Goal-Oriented Adaptive Mesh Refinement for the Quasicontinuum Approximation of a Frenkel-Kontorova Model

TL;DR

This paper introduces an adaptive mesh refinement method with an error estimator for the quasicontinuum approximation of a Frenkel-Kontorova model, enabling efficient and accurate computation of quantities of interest in crystalline solids.

Contribution

It presents a novel error estimator and adaptive refinement algorithm tailored for the quasicontinuum method applied to a Frenkel-Kontorova model, improving computational efficiency.

Findings

Effective error estimator for the quasicontinuum approximation.

Adaptive mesh refinement reduces computational cost.

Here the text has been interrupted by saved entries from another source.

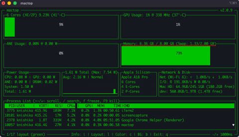 Chromeのタブを9つ開き、mi、LM Studio(Web search mcpあり)、iTerm2とか上げてこんな感じだ。8GB中6.36GB使用、スワップ1.33GB。スワップしているものの、特に引っかかるような感じはない。
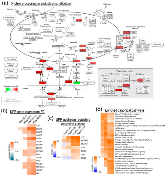 Unfolded protein response in venom-challenged NSCs. (a) KEGG pathway map of protein processing in ER showing upregulated UPR-associated genes. (b) Expression heat map of UPR-associated genes across the venom challenge conditions. (c) Activation z-score heat map of key UPR-associated transcription factors. (d) Heat map of significantly enriched and highly activated (activation z-score ≥ 3.0) IPA canonical pathways.
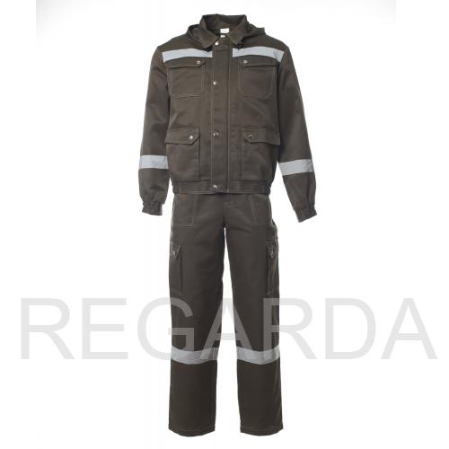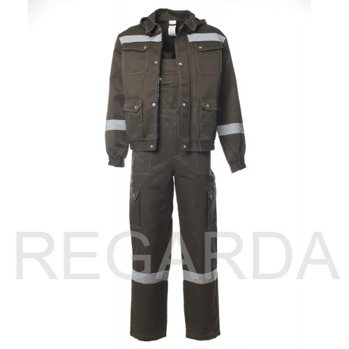 Костюм "АНТЕЙ" изготовлен в соответствии с ГОСТ и включает 2 предмета: куртка/полукомбинезон. Костюм с контрастной отстрочкой. На изделии расположены верхние накладные карманы с фигурными клапанами и перекантом на кнопках, нижние карманы с полуобъемом, с фигурными клапанами и перекантом на кнопках. Модель куртки представлена в укороченном варианте на поясе с частичной стяжкой на эластичной резинке. Куртка оснащена съемным капюшоном на пуговицах с регулировкой объема по лицевой части. На полукомбинезоне расположены многофункциональными карманы для хранения мелочей Эластичная резинка по талии спинки фиксирует посадку. Гульфик застегивается на молнию и застежку в правом боковом шве. Для безопасной работников в костюме "АНТЕЙ" предусмотрена световозвращающая полоса шириной 50 мм.
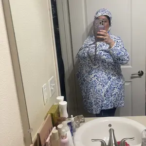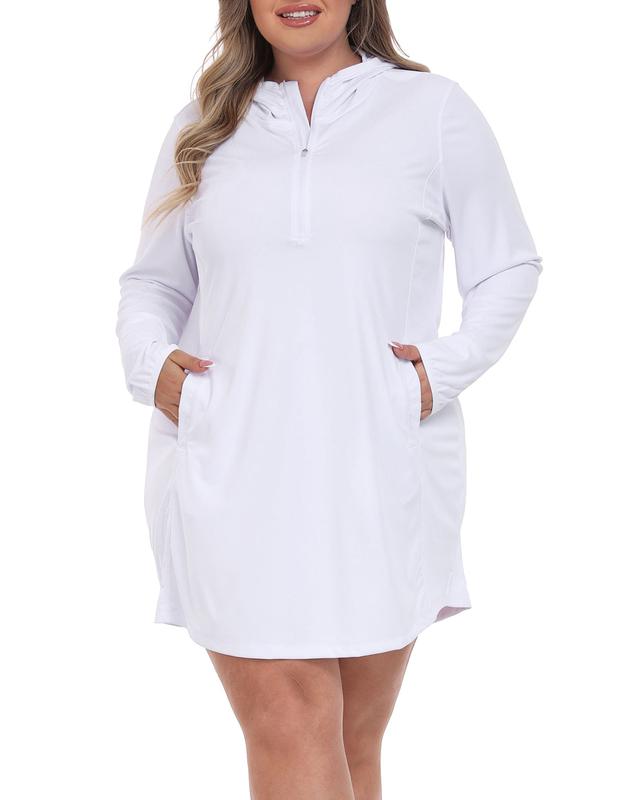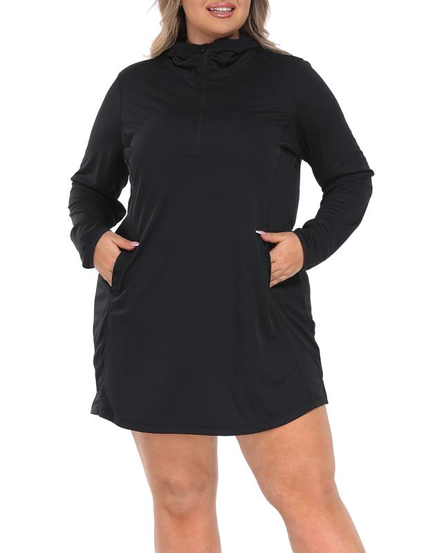 Our hooded beach coverup dress is perfect for women fitting sizes 1X-3X. Choose based on your bust size: (1X) 44-46", (2X) 48-50", (3X) 52-54". The model, 5'7" tall, wears size 1X. It features a trendy half-zip neckline and two front pockets for added convenience. Stay stylish and functional with this versatile beach dress.

Maintains desired accuracy in simulations.

Abstract

The quasicontinuum approximation is a method to reduce the atomistic degrees of freedom of a crystalline solid by piecewise linear interpolation from representative atoms that are nodes for a finite element triangulation. In regions of the crystal with a highly nonuniform deformation such as around defects, every atom must be a representative atom to obtain sufficient accuracy, but the mesh can be coarsened away from such regions to remove atomistic degrees of freedom while retaining sufficient accuracy. We present an error estimator and a related adaptive mesh refinement algorithm for the quasicontinuum approximation of a generalized Frenkel-Kontorova model that enables a quantity of interest to be efficiently computed to a predetermined accuracy.